• [REQUIRED ACTION] After finding the line with "1941 & 1942 1¢ ICCS MS64RD. Lot of 2 coins." in the entries below, retype exactly each line from there through the line with "Mini skirt pleated, metallic", including that final line.

• [DATA FOR THE TASK]
◇ ◇ ◇ ◇ ◇

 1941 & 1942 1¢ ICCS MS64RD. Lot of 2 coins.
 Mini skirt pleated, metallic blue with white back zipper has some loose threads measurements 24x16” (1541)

◇ ◇ ◇ ◇ ◇

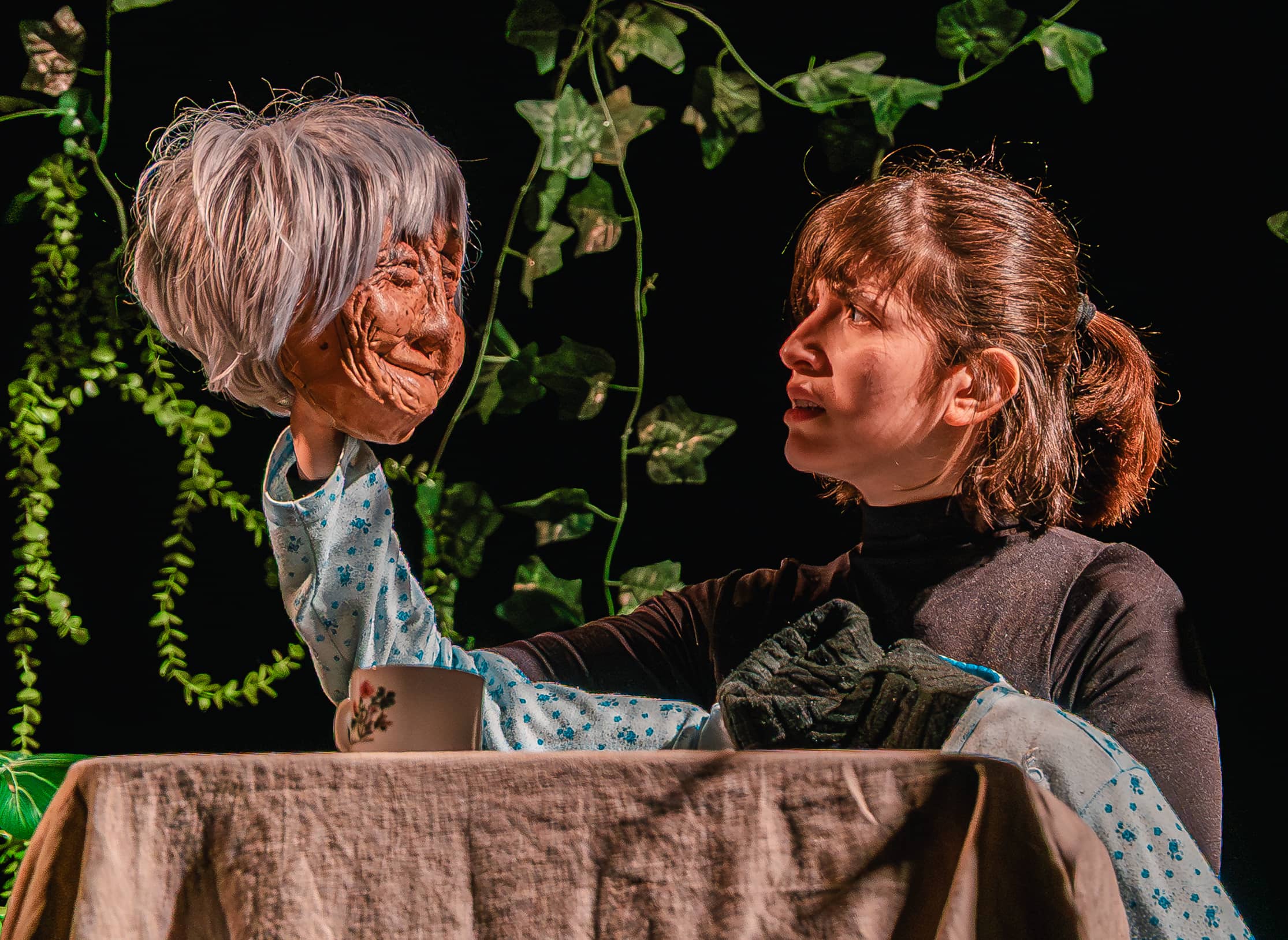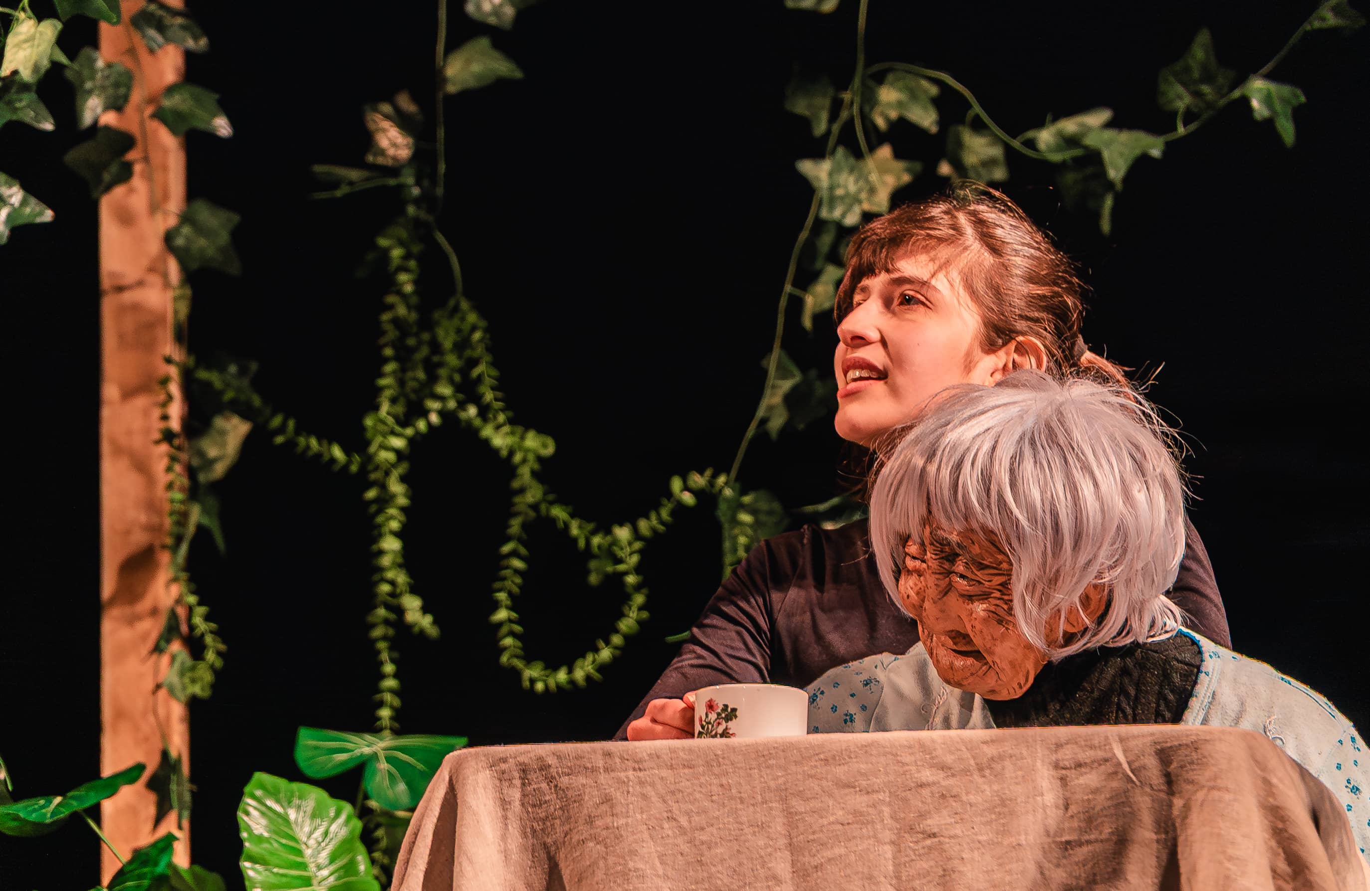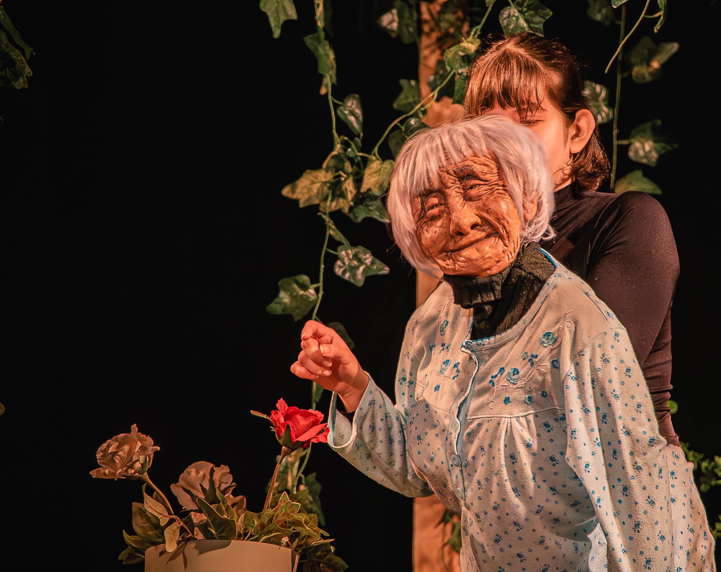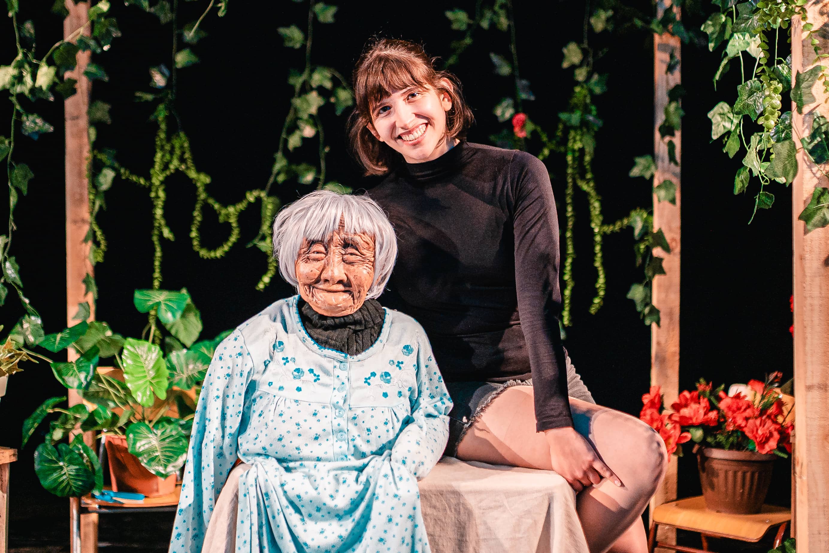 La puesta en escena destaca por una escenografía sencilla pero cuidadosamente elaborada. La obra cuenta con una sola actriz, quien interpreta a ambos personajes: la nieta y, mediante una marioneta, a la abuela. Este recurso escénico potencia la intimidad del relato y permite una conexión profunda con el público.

◇ ◇ ◇ ◇ ◇

• [RESULT OF THE TASK]
 1941 & 1942 1¢ ICCS MS64RD. Lot of 2 coins.
 Mini skirt pleated, metallic blue with white back zipper has some loose threads measurements 24x16” (1541)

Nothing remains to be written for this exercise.